Exact Representation of Data

There are many examples of the need for an accurate memory representation:

  • binary data formats (network and in-memory)
  • manipulating hardware registers
  • machine-code in a JIT or compiler setting.
  • data sent to and from GPUs or other processors
  • data sent to and from C- or other languages (FFI)

What is common to all of these is that the exact memory representation has to be observed and that there must be a guarantee that the compiler follows the specification. The compiler must not rearrange data in any way. We already see this implemented in #[repr(C)], which we support due to FFI needs.

Example

A relatively common image format used by GPUs is RGB565. Five bits are used for red and blue, while six is used for green. In total, this is 16 bits, so it fits in a u16. To manipulate these values, one has to understand bit-manipulation:

struct RGB565(u16);

impl RGB565 {
    fn r(self) -> u8 { (self >> 11) & 0x1f }
    fn g(self) -> u8 { (self >> 5) & 0x3f }
    fn b(self) -> u8 { self & 0x1f }
    fn set_r(&mut self, r: u8) { self &= ~(0x1f << 11); self |= (r & 0x1f) << 11 }
    fn set_g(&mut self, g: u8) { self &= ~(0x3f << 5); self |= (g & 0x3f) << 5 }
    fn set_b(&mut self, b: u8) { self &= 0x1f; self |= (b & 0x1f) }
}

fn test() {
    let c = RGB565(0);
    c.set_r(10);
    c.set_g(c.g() + 1);
}

Compare this to another format RGB888:

struct RGB888 {
    r: u8, g: u8, b: u8
}
fn test() {
    let c = RGB888 {r: 10, g: 0, b: 0 };
    c.g += 1;
}

Which one is easier to understand and use? Which one is more likely to have errors? I think you can all agree that it would have been much simpler to have something like bit-data:

bitdata RGB565 : u16 {
    r: u5, g: u6, b: u5
}
fn test() {
    let c = RGB565 {r: 10, g: 0, b: 0 };
    c.g += 1;
}

How much of a problem is this?

The short answer is: It depends on the ratio of bit-fiddling code versus non-bit-fiddling code. If most of what program uses i8, i16, i32 and i64 level, then you probably won’t care. But if a significant portion of the code needs to use bits, it will be a problem.
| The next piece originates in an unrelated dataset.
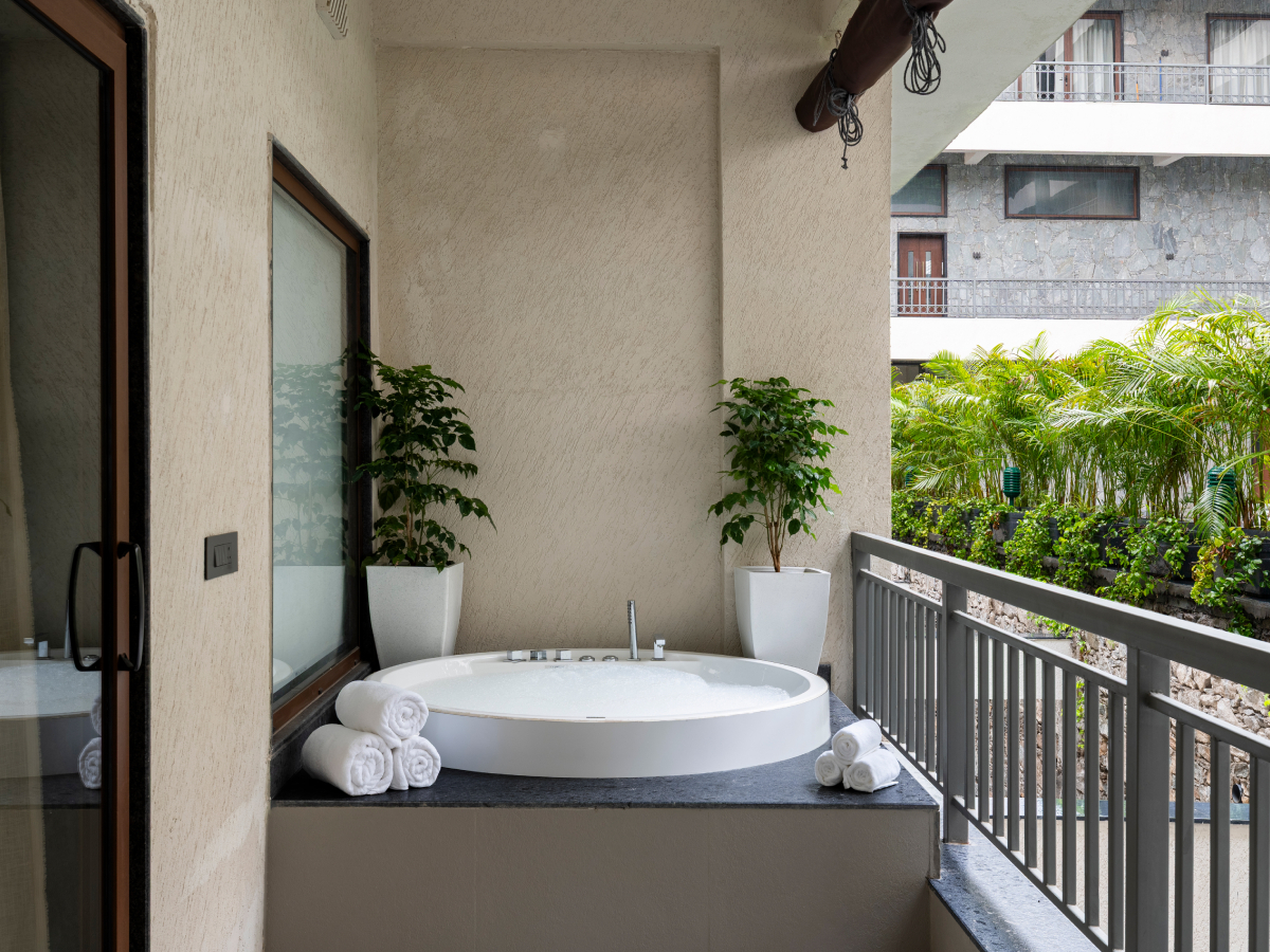 The Jacuzzi Bliss Balcony Rooms are designed for guests seeking an elevated luxury experience with privacy, comfort, and scenic beauty.

In Rust, we can now write for i in 0..n { ... }. While a devil’s advocate could argue that this nice syntax could be replaced with C’s for (i = 0; i < n; i++) { ... } syntax, it is quite clear why the former is better: i is referenced once, resulting in much fewer errors and much more readable code.

I hope the above example can showcase the same issue on bit-data.

Goals

I need to collect other examples. If you know about code that exemplifies bit-data issues, please respond to this thread. Other wants or needs in this area are also very much appreciated.


#2

There are macros for bit fields, don’t ignore them:

Here you see some example usages of bit twiddling:


Here I have discussed a bit about bitflags:

Regarding bit level safety:


#3

I was recently made aware of the #[packet] macro in https://github.com/libpnet/libpnet which helps close the gap. Thanks @faern!


#4

Thanks. Please be aware that I’m looking for reasons not to use macros, not examples of using macros. One reason for that is the ioregs!() fiasco.


#5

I want there to be reason to add this to the language too, but it’s only fair to point out that macro-generated getters and setters make a much nicer interface than plain bitshifting.


#6

That’s a fair point.

From my perspective, here are some general objections against the use of macros:

  • Awkward syntax: color.set_red(color.get_red() + 1), versus color.red += 1. I suppose the situation would improve if Rust supported properties.
  • It might become harder to implement generic code.
  • Limited compile-time checks for errors such as size overflow and specification errors.
  • Definitions needs to use a domain-specific language, resulting in weak syntax-coloring and editor support.
  • Hard to imagine support for variants and match like constructs.
  • Finally, this feels like it should be part of the core language, just so that we don’t end up with a situation where we have to choose between multiple syntaxes.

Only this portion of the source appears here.